* Data section

⁂

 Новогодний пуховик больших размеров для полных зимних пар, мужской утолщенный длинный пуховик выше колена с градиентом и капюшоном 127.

⁂

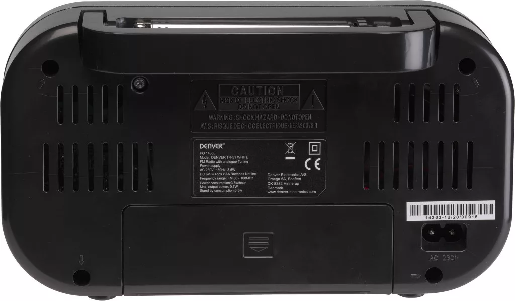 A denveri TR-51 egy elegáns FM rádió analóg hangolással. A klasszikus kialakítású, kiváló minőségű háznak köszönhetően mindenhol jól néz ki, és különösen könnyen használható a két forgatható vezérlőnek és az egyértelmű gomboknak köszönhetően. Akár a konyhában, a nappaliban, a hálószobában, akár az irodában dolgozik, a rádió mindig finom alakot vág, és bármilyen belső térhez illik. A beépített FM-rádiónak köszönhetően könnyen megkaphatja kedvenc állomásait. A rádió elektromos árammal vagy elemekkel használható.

⁂

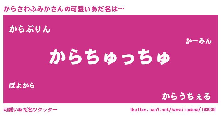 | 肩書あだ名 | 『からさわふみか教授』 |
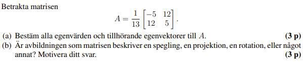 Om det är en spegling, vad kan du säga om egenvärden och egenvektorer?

⁂

* Exercise aim
A clean copy is needed of the lines in the listing above from the one with "肩書あだ名 | 『からさわふみか教授』 |" through the one with "Om det är en", exact in every word and free of pictures.

* Result of the task
 | 肩書あだ名 | 『からさわふみか教授』 |
 Om det är en spegling, vad kan du säga om egenvärden och egenvektorer?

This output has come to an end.